We dragged along behind the semi for another three-quarters of a mile, until it pulled off into the large and surprisingly crowded parking lot of a truck stop complete with a small motel, three gas islands, a showering facility, car wash, and restaurant.

"You never told me that your folks' place was so big," I said as Christopher maneuvered toward a parking space in an area designated MOBILE HOMES AND TRAILERS ONLY.

"It wasn't," he said, the surprise evident in his voice.  He killed the engine and looked out on the scene, open-mouthed.  "Good God—Dad had talked about trying to expand the place, but I never thought… wow."
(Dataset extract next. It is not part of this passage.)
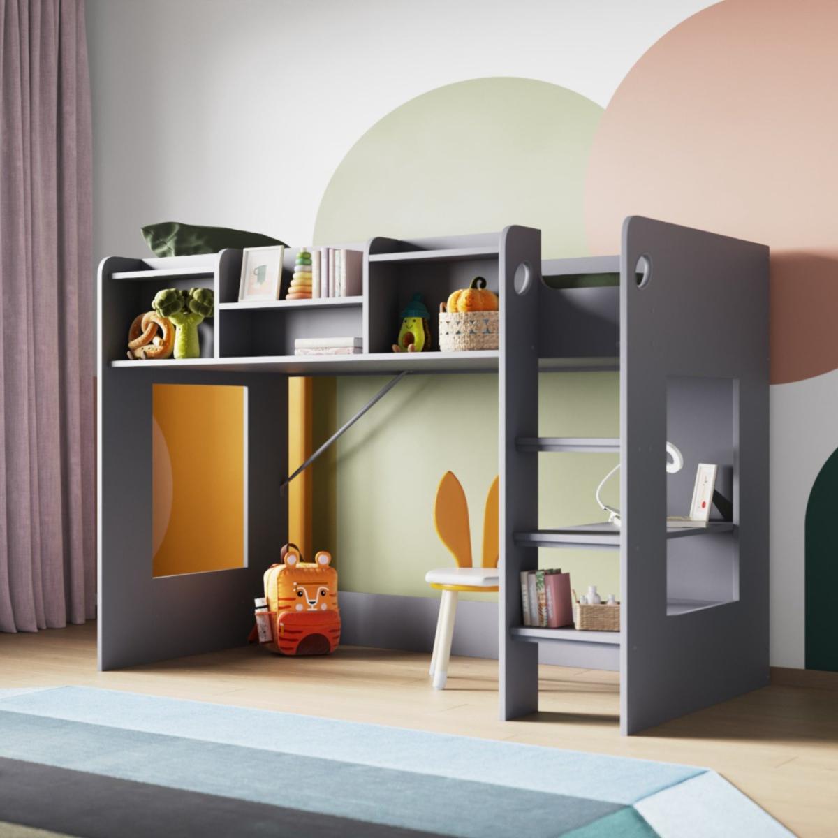 I really like this junior high sleeper bed frame in grey because of its practical, modern design that packs in thoughtful details suitable for contemporary children’s rooms. It’s versatile enough to work in a variety of interior styles, from Scandi-inspired minimalism to playful, colourful spaces. The integrated shelving and storage areas make it easy to keep clutter at bay while creating a neat, organised look. For styling tips, consider adding colourful bins or baskets for extra organisation, alongside vibrant bedding or a patterned rug to inject personality. Growing with your child, this bed’s sleek look offers a calm, functional centrepiece that complements both youthful and more refined décors.

The restaurant was one of those Mom-and-Pop establishments you pass on the road every trip; front porch, screen doors, neon beer signs hanging in the windows, a sandwich board with "Today's Specials" written in erasable marker, and an old-fashioned soda pop cooler out front—the kind with a lifting lid where you have to guide the ice-cold bottle through a series of metal tracks like a maze until it slides through a mini-turnstile at the end.  All that was missing from the front porch to make it something right out of a Normal Rockwell painting was a wooden rocking chair and floppy-eared hound dog lying across the top of the steps.

"The restaurant's a lot bigger than it looks on the outside," said Christopher.  "At least, that's how I remember it."  He looked at me and shrugged.  "I have no idea how many changes they might have made.  It's been… a while since I was here, you know?"  He was trembling all over.  "Hey, look over there."  He was pointing to an area behind the restaurant, just visible between it and the motel; a green patch of field, where there sat, up on concrete blocks, the remains of a gray 1968 VW Microbus. "I can't believe they still have that thing."

"Except for the no-wheels part, it still looks in fairly good condition to me."

He laughed.  "Maybe they'll sell it to you."